Effect of Temperature on Gibbs Free Energy and Spontaneity of Reactions Chemistry Tutorial

Key Concepts

Gibbs free energy (G) is also known as free energy or Gibbs energy.

The sign of the change in Gibbs free energy (ΔG) for a chemical reaction tells us if the reaction is spontaneous or not:
A reaction is spontaneous if ΔG_reaction < 0 (ΔG is negative)

A reaction is nonspontaneous if ΔG_reaction > 0 (ΔG is positive)

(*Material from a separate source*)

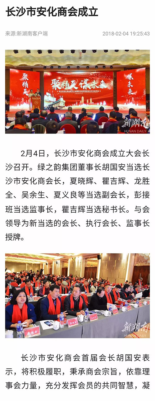 绿之韵胡国安当选长沙市安化商会首任会长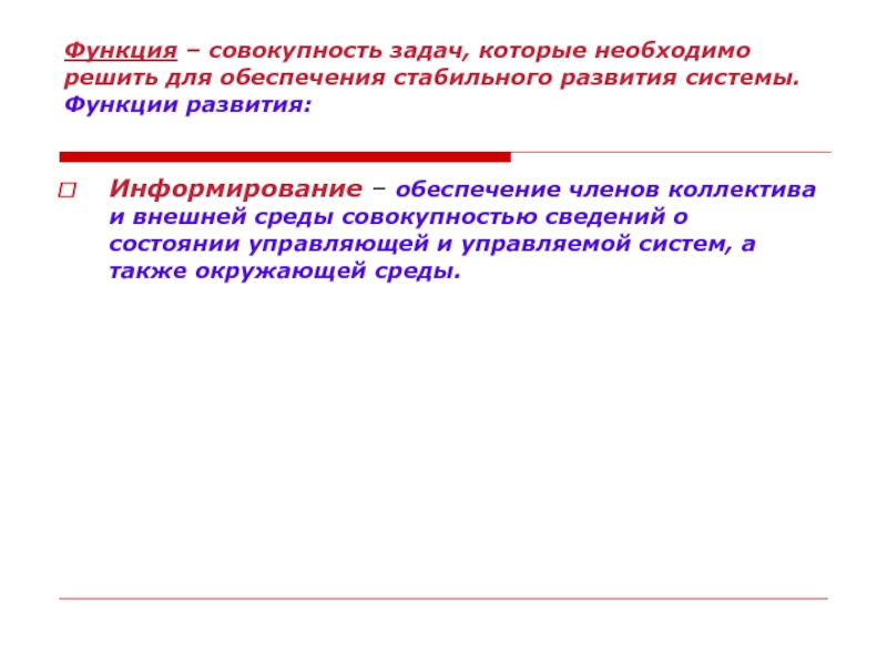 Слайд 24Функция – совокупность задач, которые необходимо решить для обеспечения стабильного

A reaction is at equilibrium if ΔG_reaction = 0

The value of ΔG_reaction is dependent on temperature.⁽¹⁾

The sign of ΔG_reaction does not change with changes in temperature if the sign of ΔH is the opposite of the sign of ΔS:
(a) ΔH < 0 and ΔS > 0 then ΔG < 0 and reaction is spontaneous at any temperature.
(b) ΔH > 0 and ΔS < 0 then ΔG > 0 and reaction is nonspontaneous at any temperature.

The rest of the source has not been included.